§ **HOW TO COMPLETE THIS TASK**: Return all of the data below verbatim and exclude every picture.

§ **DATA**:
──────

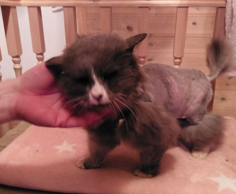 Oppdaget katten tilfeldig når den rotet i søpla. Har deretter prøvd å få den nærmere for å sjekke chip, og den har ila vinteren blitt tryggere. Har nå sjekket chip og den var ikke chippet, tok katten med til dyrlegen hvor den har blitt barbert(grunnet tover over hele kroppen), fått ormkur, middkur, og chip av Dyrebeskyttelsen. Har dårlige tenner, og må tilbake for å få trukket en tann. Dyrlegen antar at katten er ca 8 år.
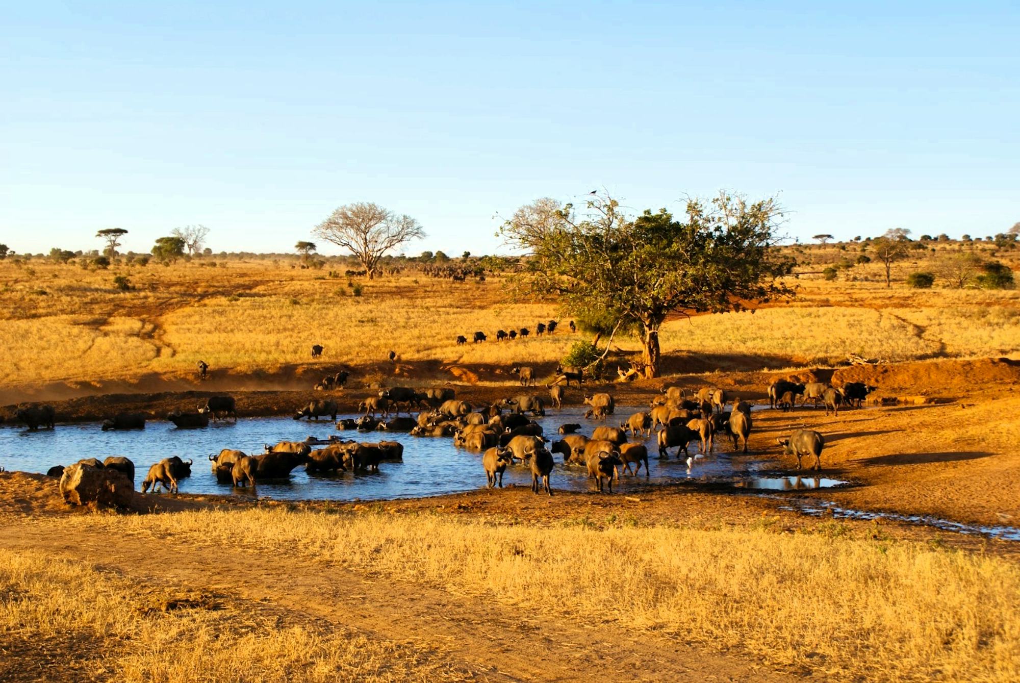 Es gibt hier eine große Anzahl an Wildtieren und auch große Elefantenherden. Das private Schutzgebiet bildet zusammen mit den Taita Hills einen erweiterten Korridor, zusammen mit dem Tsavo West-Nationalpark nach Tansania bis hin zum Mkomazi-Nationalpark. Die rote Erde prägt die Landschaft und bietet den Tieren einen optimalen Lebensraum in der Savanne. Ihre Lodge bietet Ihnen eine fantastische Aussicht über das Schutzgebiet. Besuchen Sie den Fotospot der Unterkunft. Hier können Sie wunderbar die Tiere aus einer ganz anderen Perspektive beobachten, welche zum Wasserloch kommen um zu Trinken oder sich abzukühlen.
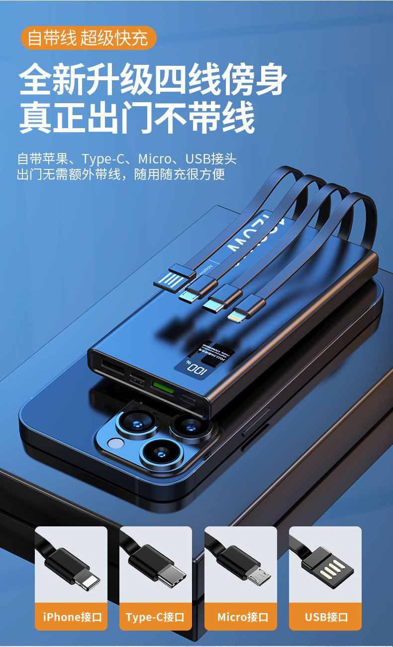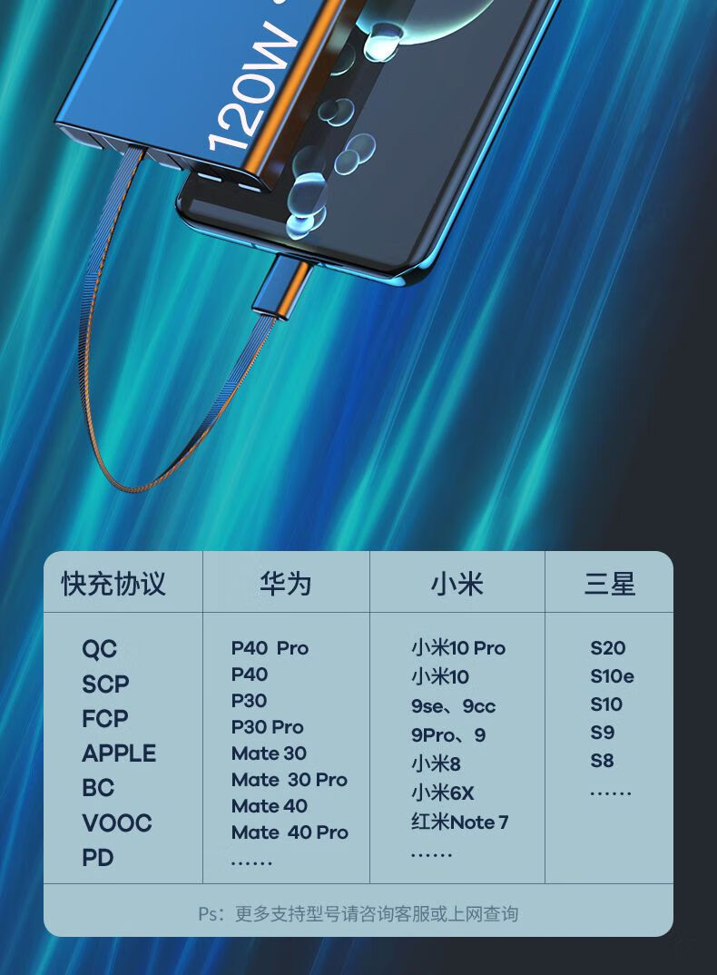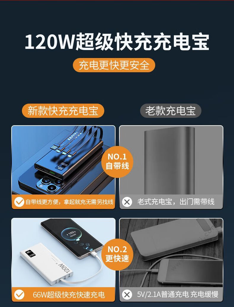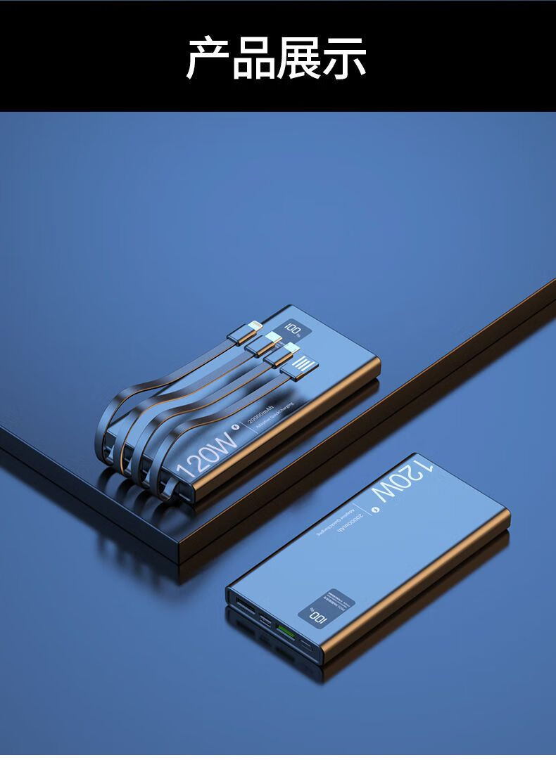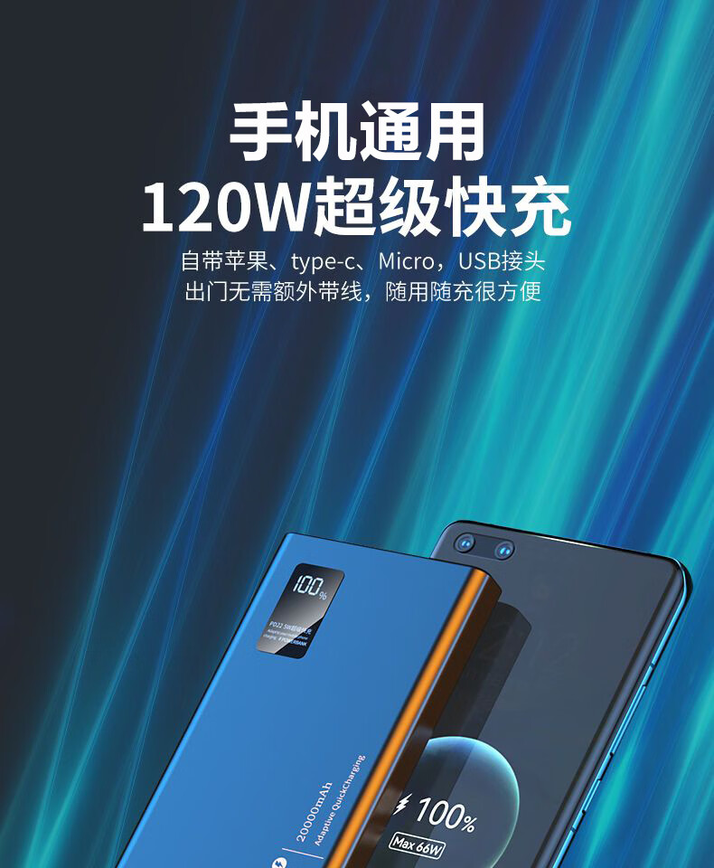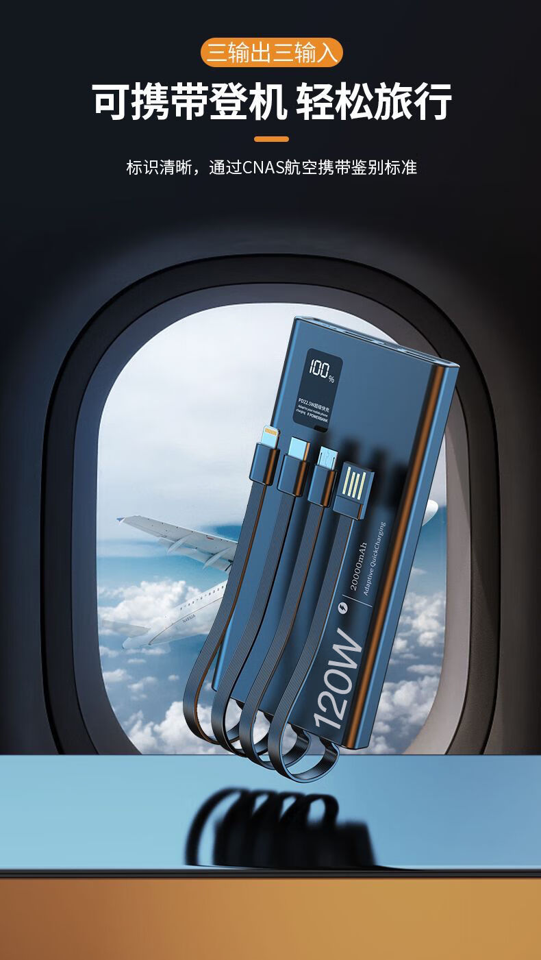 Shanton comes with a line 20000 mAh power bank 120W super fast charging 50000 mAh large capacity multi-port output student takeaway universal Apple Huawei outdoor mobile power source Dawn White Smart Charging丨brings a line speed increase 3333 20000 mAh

──────

§ **ANSWER FOR THIS EXERCISE**:
 Oppdaget katten tilfeldig når den rotet i søpla. Har deretter prøvd å få den nærmere for å sjekke chip, og den har ila vinteren blitt tryggere. Har nå sjekket chip og den var ikke chippet, tok katten med til dyrlegen hvor den har blitt barbert(grunnet tover over hele kroppen), fått ormkur, middkur, og chip av Dyrebeskyttelsen. Har dårlige tenner, og må tilbake for å få trukket en tann. Dyrlegen antar at katten er ca 8 år.
 Es gibt hier eine große Anzahl an Wildtieren und auch große Elefantenherden. Das private Schutzgebiet bildet zusammen mit den Taita Hills einen erweiterten Korridor, zusammen mit dem Tsavo West-Nationalpark nach Tansania bis hin zum Mkomazi-Nationalpark. Die rote Erde prägt die Landschaft und bietet den Tieren einen optimalen Lebensraum in der Savanne. Ihre Lodge bietet Ihnen eine fantastische Aussicht über das Schutzgebiet. Besuchen Sie den Fotospot der Unterkunft. Hier können Sie wunderbar die Tiere aus einer ganz anderen Perspektive beobachten, welche zum Wasserloch kommen um zu Trinken oder sich abzukühlen.
 Shanton comes with a line 20000 mAh power bank 120W super fast charging 50000 mAh large capacity multi-port output student takeaway universal Apple Huawei outdoor mobile power source Dawn White Smart Charging丨brings a line speed increase 3333 20000 mAh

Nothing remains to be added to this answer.